Directions for this task ▸
Every line of the records below from the line with "会上,中心校副校长黄喜明宣读" up to and including the line with "Chaque fois que" must be reproduced exactly, and no line outside that range.

/---

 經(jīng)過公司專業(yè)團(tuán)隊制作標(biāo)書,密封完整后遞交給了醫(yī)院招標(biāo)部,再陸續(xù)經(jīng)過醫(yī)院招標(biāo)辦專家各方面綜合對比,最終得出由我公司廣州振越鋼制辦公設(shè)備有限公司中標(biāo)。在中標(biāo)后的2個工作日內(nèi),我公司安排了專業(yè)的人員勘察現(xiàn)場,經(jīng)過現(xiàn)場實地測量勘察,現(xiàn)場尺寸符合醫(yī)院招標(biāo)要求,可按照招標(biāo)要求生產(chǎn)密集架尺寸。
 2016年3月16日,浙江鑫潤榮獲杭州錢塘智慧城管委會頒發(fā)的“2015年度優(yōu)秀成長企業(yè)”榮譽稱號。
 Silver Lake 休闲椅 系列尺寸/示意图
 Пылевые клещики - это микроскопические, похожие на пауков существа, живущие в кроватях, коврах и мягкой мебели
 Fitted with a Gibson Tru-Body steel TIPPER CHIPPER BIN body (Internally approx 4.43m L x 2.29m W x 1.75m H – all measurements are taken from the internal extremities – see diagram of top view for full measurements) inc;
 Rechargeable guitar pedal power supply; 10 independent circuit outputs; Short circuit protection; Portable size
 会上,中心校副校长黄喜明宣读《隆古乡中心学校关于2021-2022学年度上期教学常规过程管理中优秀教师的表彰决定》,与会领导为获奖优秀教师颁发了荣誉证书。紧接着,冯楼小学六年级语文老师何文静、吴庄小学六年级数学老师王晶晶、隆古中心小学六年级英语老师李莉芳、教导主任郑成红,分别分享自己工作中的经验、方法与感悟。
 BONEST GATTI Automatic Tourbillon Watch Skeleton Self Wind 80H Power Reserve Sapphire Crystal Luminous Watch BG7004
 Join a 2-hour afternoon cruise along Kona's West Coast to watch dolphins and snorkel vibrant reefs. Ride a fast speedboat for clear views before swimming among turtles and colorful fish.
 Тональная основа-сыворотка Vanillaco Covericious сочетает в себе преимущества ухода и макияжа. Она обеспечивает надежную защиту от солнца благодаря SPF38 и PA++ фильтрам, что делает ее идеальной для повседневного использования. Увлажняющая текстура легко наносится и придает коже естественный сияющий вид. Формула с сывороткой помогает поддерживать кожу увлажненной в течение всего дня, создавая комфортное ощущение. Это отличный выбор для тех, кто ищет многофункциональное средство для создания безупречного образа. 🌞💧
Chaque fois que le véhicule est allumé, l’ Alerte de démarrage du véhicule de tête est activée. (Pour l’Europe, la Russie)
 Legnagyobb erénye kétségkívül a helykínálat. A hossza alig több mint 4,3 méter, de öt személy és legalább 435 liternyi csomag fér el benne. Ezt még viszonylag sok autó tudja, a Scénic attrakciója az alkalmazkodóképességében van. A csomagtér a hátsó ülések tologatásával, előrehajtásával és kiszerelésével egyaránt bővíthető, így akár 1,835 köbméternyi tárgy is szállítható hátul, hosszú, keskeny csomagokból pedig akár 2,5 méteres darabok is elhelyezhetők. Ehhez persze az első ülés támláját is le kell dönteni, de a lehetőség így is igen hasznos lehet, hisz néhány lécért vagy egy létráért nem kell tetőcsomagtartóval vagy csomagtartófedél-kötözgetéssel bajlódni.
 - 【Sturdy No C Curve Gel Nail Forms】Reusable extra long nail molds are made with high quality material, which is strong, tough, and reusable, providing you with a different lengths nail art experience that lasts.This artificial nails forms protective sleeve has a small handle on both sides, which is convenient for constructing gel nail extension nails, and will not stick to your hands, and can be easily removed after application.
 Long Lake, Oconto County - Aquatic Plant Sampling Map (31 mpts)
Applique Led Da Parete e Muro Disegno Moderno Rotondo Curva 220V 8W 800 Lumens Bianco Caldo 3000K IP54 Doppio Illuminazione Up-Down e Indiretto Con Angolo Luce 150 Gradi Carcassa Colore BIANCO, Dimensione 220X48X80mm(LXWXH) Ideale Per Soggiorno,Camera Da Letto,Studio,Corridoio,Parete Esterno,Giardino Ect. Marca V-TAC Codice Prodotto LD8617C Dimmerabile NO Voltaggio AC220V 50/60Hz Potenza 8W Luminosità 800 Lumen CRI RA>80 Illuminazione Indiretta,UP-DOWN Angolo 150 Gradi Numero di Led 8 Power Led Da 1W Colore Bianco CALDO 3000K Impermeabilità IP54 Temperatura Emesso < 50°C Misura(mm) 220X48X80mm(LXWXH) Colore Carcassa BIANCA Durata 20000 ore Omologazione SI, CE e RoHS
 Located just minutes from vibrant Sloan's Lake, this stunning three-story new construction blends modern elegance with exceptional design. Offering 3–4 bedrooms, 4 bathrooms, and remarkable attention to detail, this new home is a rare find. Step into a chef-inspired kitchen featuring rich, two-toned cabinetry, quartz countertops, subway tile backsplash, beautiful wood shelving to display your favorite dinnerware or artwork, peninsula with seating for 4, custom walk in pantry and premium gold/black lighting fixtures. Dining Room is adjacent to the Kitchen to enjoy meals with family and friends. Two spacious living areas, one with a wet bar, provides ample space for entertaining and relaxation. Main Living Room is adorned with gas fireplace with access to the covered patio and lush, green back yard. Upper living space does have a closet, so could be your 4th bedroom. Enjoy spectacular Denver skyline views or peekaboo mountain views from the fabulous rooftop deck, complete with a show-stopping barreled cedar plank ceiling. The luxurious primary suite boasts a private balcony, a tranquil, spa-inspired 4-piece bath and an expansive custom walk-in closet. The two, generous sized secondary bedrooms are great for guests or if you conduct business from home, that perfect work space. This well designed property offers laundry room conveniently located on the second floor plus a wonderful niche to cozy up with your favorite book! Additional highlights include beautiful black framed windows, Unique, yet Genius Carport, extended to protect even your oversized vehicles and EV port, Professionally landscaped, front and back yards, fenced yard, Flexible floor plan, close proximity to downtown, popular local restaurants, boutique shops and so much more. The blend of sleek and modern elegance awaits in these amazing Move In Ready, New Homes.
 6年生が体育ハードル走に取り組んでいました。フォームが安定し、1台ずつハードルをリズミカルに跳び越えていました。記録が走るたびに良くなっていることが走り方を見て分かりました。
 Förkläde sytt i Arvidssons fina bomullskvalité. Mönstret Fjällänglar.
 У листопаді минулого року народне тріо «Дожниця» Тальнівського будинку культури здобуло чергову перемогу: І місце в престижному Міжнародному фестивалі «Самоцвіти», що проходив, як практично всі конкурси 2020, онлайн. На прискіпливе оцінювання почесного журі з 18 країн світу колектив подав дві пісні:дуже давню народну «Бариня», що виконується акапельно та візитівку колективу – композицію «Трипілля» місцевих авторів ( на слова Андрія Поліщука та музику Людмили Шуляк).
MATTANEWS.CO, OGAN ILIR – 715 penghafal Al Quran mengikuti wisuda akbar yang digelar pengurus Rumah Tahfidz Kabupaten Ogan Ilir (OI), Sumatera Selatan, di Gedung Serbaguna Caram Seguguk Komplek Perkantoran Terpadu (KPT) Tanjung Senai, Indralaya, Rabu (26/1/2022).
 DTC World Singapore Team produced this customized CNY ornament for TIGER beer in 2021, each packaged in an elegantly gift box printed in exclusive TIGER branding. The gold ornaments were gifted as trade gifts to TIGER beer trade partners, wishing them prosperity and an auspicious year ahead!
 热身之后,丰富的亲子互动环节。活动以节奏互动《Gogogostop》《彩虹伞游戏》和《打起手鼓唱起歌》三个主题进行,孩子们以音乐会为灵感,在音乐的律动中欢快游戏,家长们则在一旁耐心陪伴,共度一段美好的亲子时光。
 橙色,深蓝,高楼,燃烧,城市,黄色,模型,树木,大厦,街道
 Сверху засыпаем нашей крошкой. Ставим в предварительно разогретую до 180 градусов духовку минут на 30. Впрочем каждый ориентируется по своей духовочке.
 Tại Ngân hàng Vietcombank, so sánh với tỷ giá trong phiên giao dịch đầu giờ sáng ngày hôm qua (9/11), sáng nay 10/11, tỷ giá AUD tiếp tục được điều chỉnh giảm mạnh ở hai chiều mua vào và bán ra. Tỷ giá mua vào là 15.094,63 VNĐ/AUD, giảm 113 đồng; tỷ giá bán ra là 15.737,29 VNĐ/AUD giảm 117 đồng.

\---

The answer ▸
 会上,中心校副校长黄喜明宣读《隆古乡中心学校关于2021-2022学年度上期教学常规过程管理中优秀教师的表彰决定》,与会领导为获奖优秀教师颁发了荣誉证书。紧接着,冯楼小学六年级语文老师何文静、吴庄小学六年级数学老师王晶晶、隆古中心小学六年级英语老师李莉芳、教导主任郑成红,分别分享自己工作中的经验、方法与感悟。
 BONEST GATTI Automatic Tourbillon Watch Skeleton Self Wind 80H Power Reserve Sapphire Crystal Luminous Watch BG7004
 Join a 2-hour afternoon cruise along Kona's West Coast to watch dolphins and snorkel vibrant reefs. Ride a fast speedboat for clear views before swimming among turtles and colorful fish.
 Тональная основа-сыворотка Vanillaco Covericious сочетает в себе преимущества ухода и макияжа. Она обеспечивает надежную защиту от солнца благодаря SPF38 и PA++ фильтрам, что делает ее идеальной для повседневного использования. Увлажняющая текстура легко наносится и придает коже естественный сияющий вид. Формула с сывороткой помогает поддерживать кожу увлажненной в течение всего дня, создавая комфортное ощущение. Это отличный выбор для тех, кто ищет многофункциональное средство для создания безупречного образа. 🌞💧
Chaque fois que le véhicule est allumé, l’ Alerte de démarrage du véhicule de tête est activée. (Pour l’Europe, la Russie)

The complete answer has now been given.